Furthermore, if any metadata is used, then the state of the each metadata flag is shown.

An example is shown below, where the different properties of the selected annotation is shown, as well as a metadata field called “Occluded”, and its state.

###Current annotations box The current annotations box shows which annotations are present in the current frame, with their ID and tag. The currently selected annotation is shaded slightly grey. Furthermore, the annotations can be deleted by selecting an annotation and pressing ‘’DEL’’.

###Annotation transparency box The annotation transparency box controls the transparency of all the non-selected annotation box. That is how visible are all of the annotation boxes which are not currently in focus.

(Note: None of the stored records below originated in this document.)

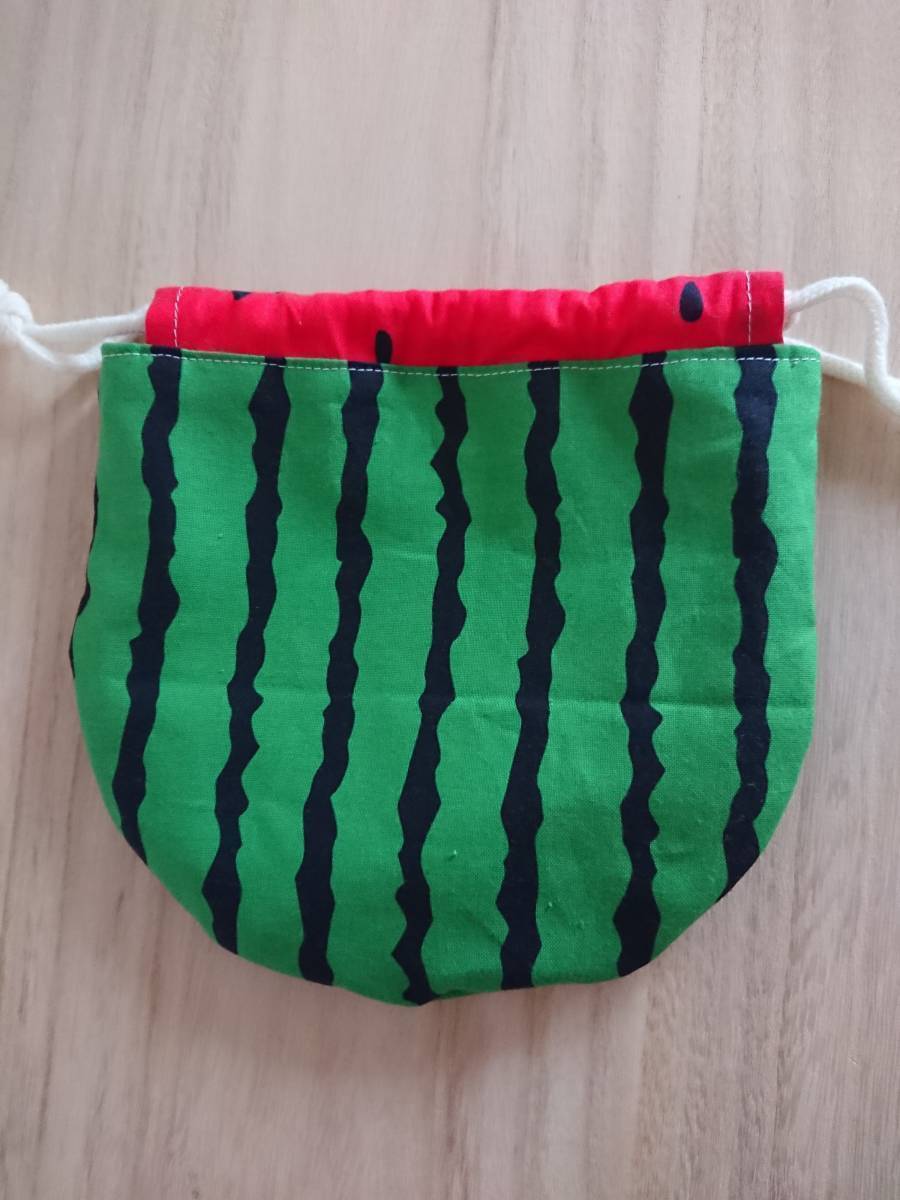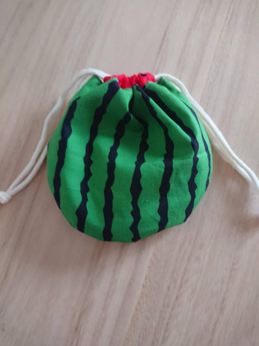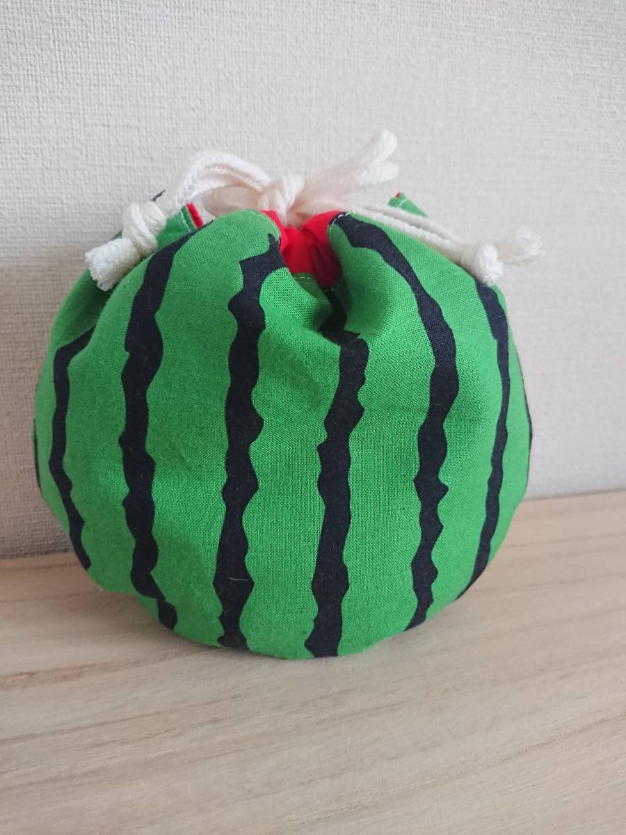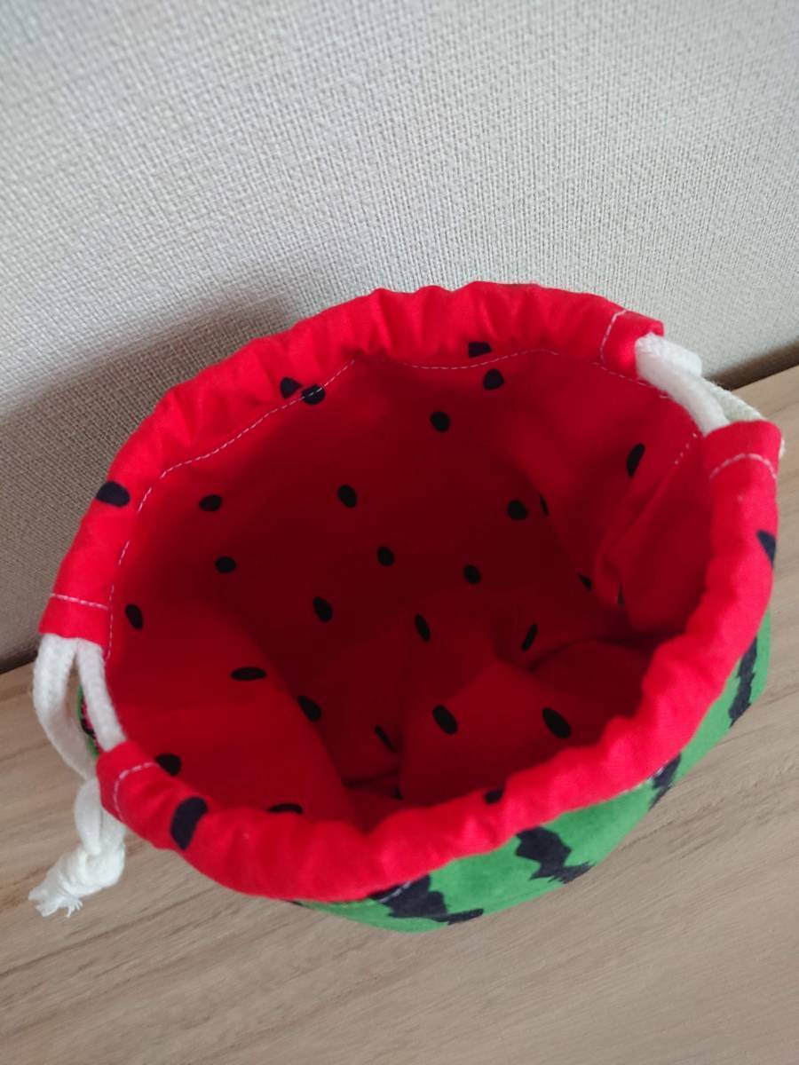 ハンドメイドのすいかの巾着ポーチです。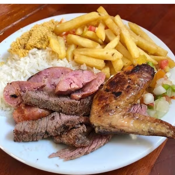 Churrasco Misto ( Arroz De Brocolis Ou Arroz Maluco, Feijão, Molho E Farofa).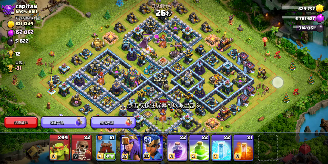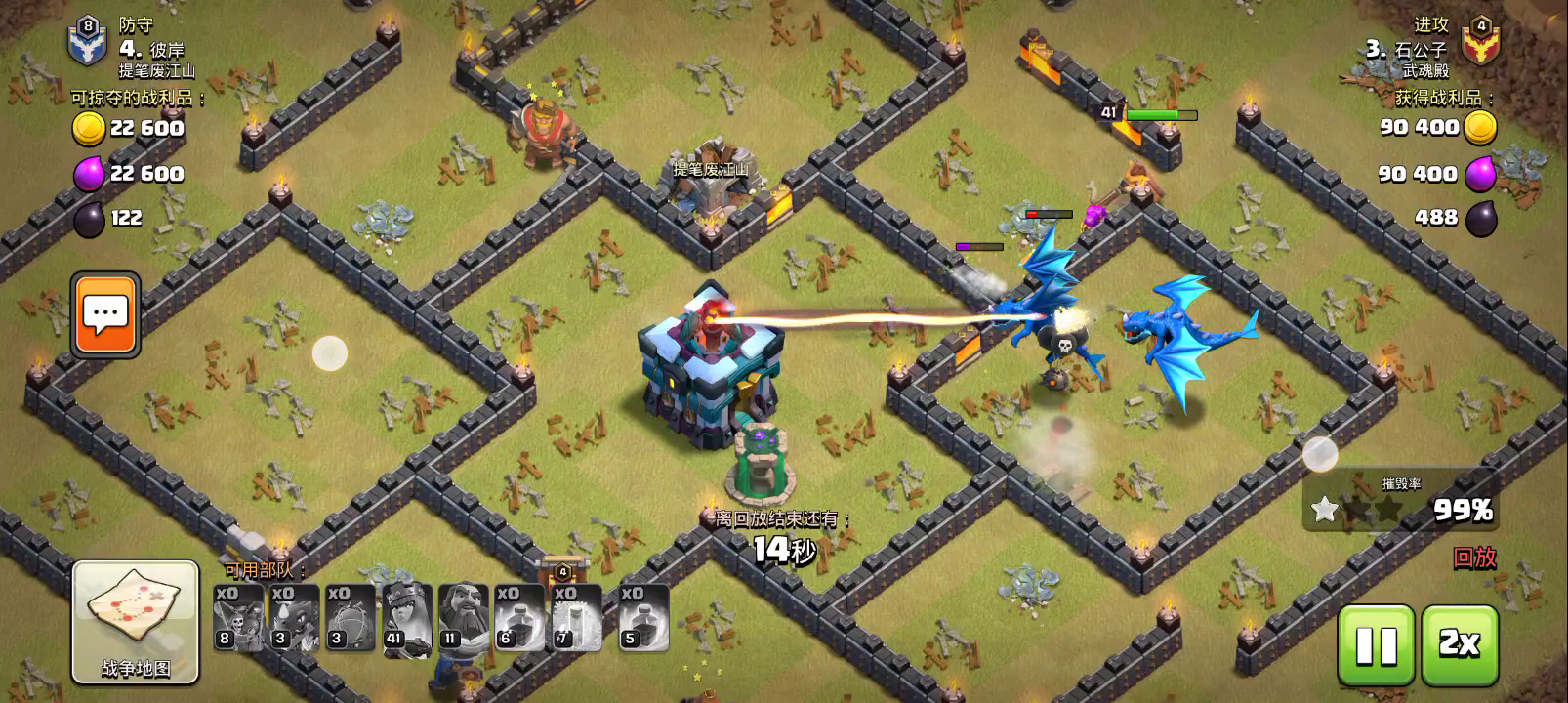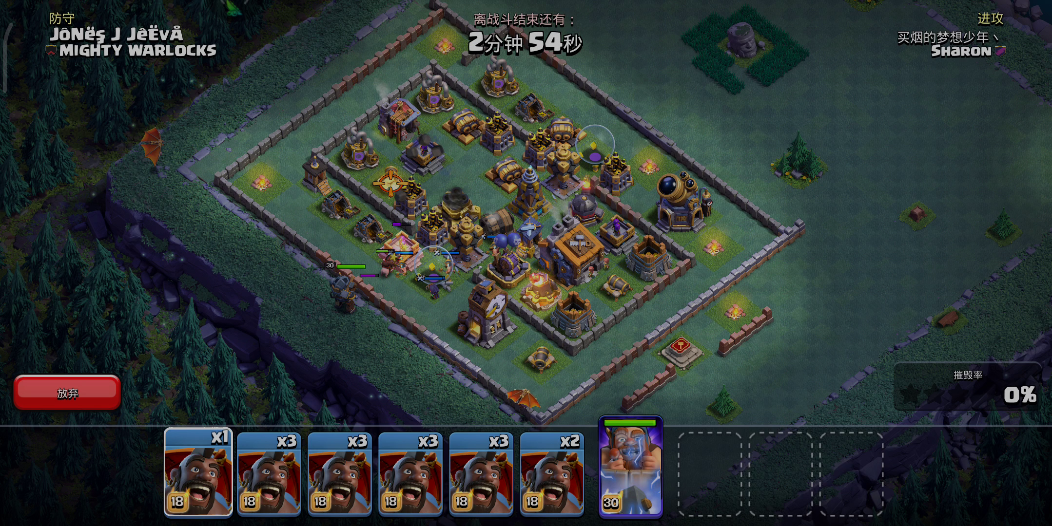 部落冲突夜世界常见四子长方口阵型,像那种阵型比较容易打,但前提要把兵分配好。

###Annotation history box The annotation history box shows how the annotation was placed in the five previous frames, the annotation in the current frame (with a line on each side), as well as the next five frames, in a zoomed in view focusing only on the area around the annotation. The annotation history box can, like the two other boxes, be moved around within the main program window, as well as moved outside of the main program window. The images in the box are aligned so that they appear along the dominant axis of the box.

Using the program

This section will go through a short example of how to use the program, and a few tips on what to do and not to do.

The goal with the annotations are to provide a ground truth for testing algorithms, and therefore the annotations should be as precise as possible. However, the annotations should also avoid any jittery or sporadic movements, but instead try and provide a smooth movement throughout the tracking of a target.

Setting up your workspace

In most cases when using two videos, it is beneficial to only focus on one video at a time, and only use the other if the first video does not provide clear enough footage. Therefore, it is recommended that only one window is active at a time. Furthermore, to be able to view the annotation history clear enough, it is recommended that you either move it outside the main program window (e.g. onto a second screen), or attaches it vertically on the left (as shown below), as to allow the video window to be as large as possible (e.g. by using the “Zoom fit” functionality), while still having a clear view of the annotation history box. This is done by clicking on the shaded bar saying "Annotation history" and dragging it onto the left part of the main program window. It should then "pop" into place. The setup is retained when starting the program up at a later time.

Placing the annotation

To draw the initial bounding box for the annotation, click and hold the left mouse button and drag the bounding box around the target so that it fits reasonably well. Release the mouse button and select a tag for the annotation in the window prompt. If it is difficulty to determine the category of the target, you can change the tag of an annotation by pressing ‘’F2’’ and selecting a new tag. This changes the tag in all previous and future frames until the annotation is no longer present. This may take some time if the tag has to be adjusted in a large amount of frames.

After drawing the initial annotation, move it so that the top left corner is placed correctly i.e. so that the top and left side of the annotation is placed as close to the target as possible, by using the w, a, s and d keys. It is nearly always preferable if the annotation is as close a fit as possible. After positioning the top left corner, adjust the sides of the annotation by either expanding or shrinking the annotation, until the entire target fits neatly within the annotation, by using the i, j, k and l keys. This workflow is illustrated below.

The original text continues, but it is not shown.